SUPPLIED DATA.
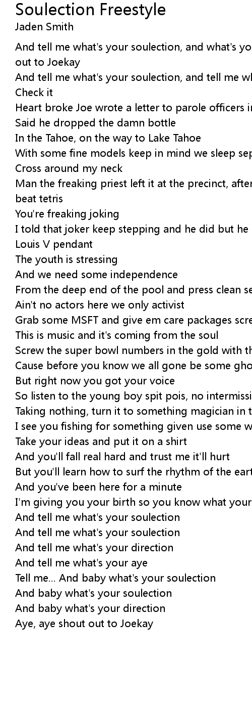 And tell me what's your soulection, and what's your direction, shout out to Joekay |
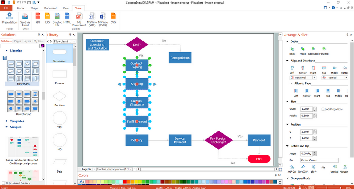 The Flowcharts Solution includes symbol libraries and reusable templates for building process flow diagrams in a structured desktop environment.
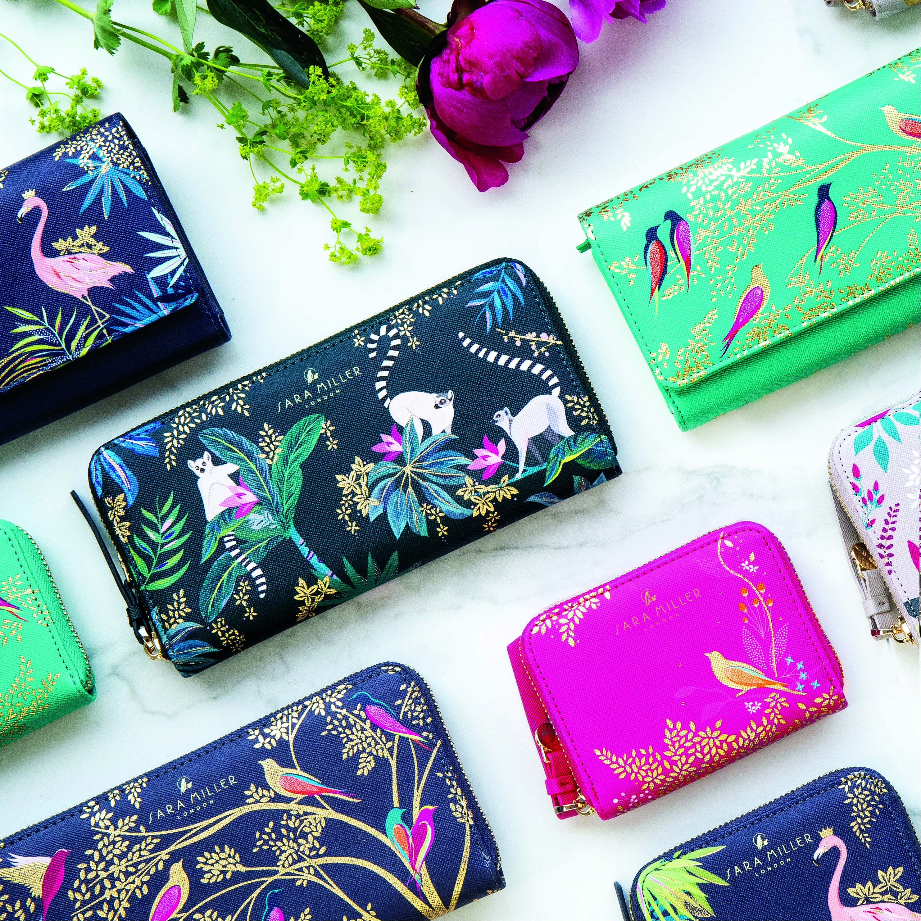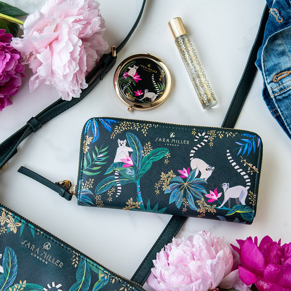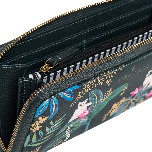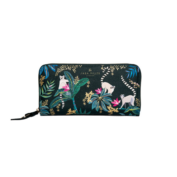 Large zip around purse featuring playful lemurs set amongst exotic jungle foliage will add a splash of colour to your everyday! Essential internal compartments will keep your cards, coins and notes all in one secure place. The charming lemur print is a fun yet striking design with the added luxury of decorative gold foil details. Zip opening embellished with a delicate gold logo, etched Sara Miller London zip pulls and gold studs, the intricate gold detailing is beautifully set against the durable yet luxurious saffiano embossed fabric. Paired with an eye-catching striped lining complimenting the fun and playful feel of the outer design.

EXERCISE GOAL. Reproduce exactly the lines from the one with "The Flowcharts Solution" to the bottom of the listing, both ends included, and nothing else. Skip the pictures.

PROBLEM SOLUTION.
 The Flowcharts Solution includes symbol libraries and reusable templates for building process flow diagrams in a structured desktop environment.
 Large zip around purse featuring playful lemurs set amongst exotic jungle foliage will add a splash of colour to your everyday! Essential internal compartments will keep your cards, coins and notes all in one secure place. The charming lemur print is a fun yet striking design with the added luxury of decorative gold foil details. Zip opening embellished with a delicate gold logo, etched Sara Miller London zip pulls and gold studs, the intricate gold detailing is beautifully set against the durable yet luxurious saffiano embossed fabric. Paired with an eye-catching striped lining complimenting the fun and playful feel of the outer design.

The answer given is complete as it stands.